-- AIM OF THE EXERCISE --
Your answer must be the full listing, reproduced exactly, minus any pictures.

-- DATASET CONTENT --
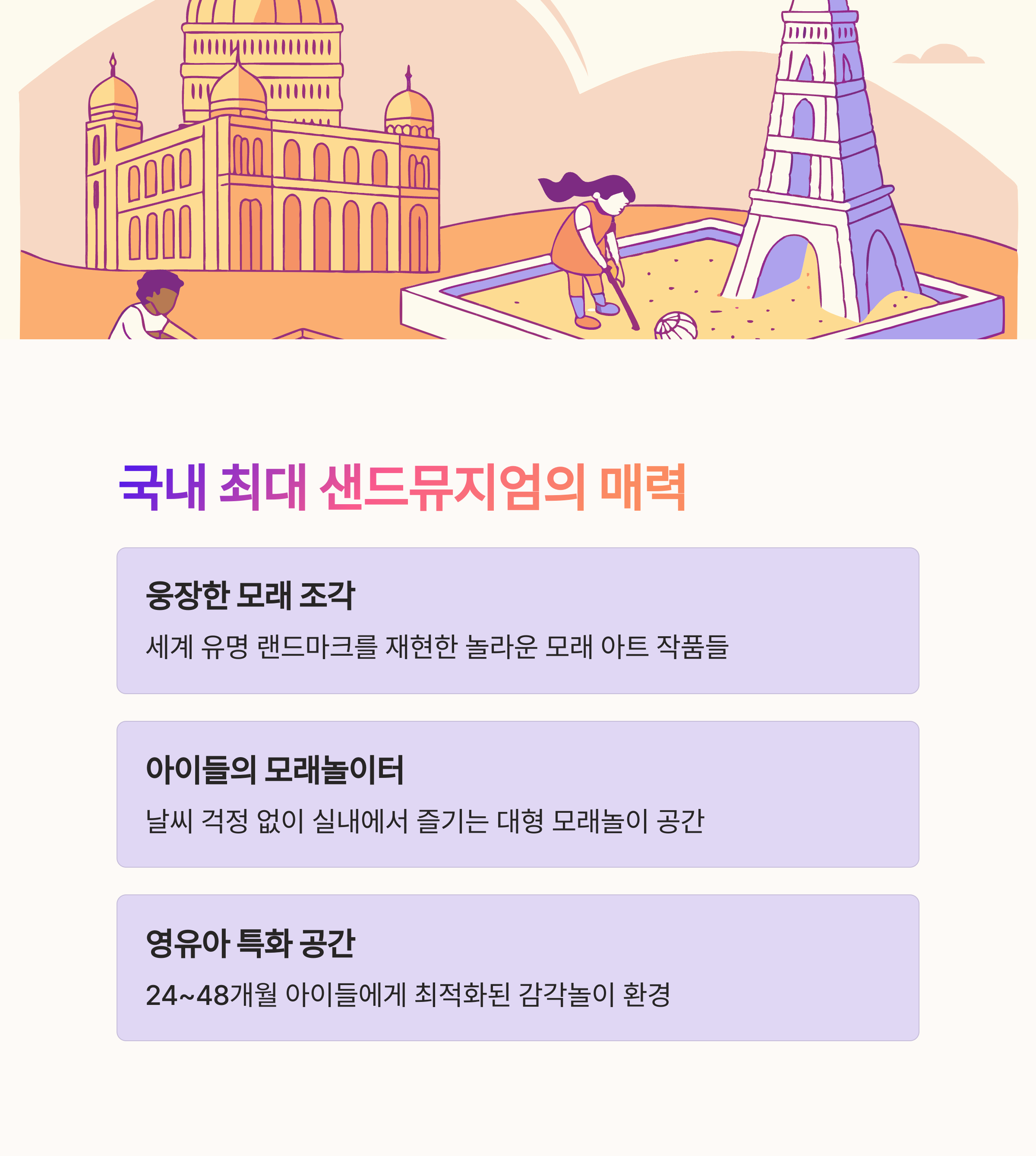 | 주요 포인트 | 샌드뮤지엄, 모래놀이터, 키즈메뉴, 넓은 주차장 |
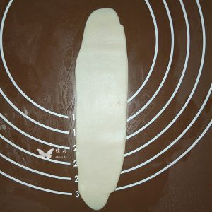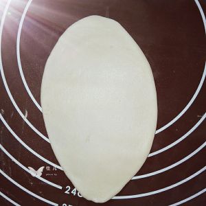 将松弛好的面团用手掌按扁,再用擀面杖擀成椭圆形。
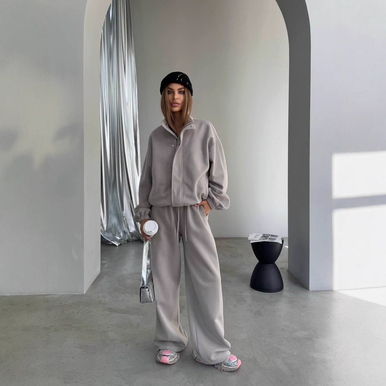 Minimalist Zip-Up Hoodie & Straight-Leg Pants Set – 95% Cotton Lounge-to-Street Coord (Oversized Fit, Neutral Palette, Wrinkle-Resistant)

-- COMPLETED TASK --
 | 주요 포인트 | 샌드뮤지엄, 모래놀이터, 키즈메뉴, 넓은 주차장 |
 将松弛好的面团用手掌按扁,再用擀面杖擀成椭圆形。
 Minimalist Zip-Up Hoodie & Straight-Leg Pants Set – 95% Cotton Lounge-to-Street Coord (Oversized Fit, Neutral Palette, Wrinkle-Resistant)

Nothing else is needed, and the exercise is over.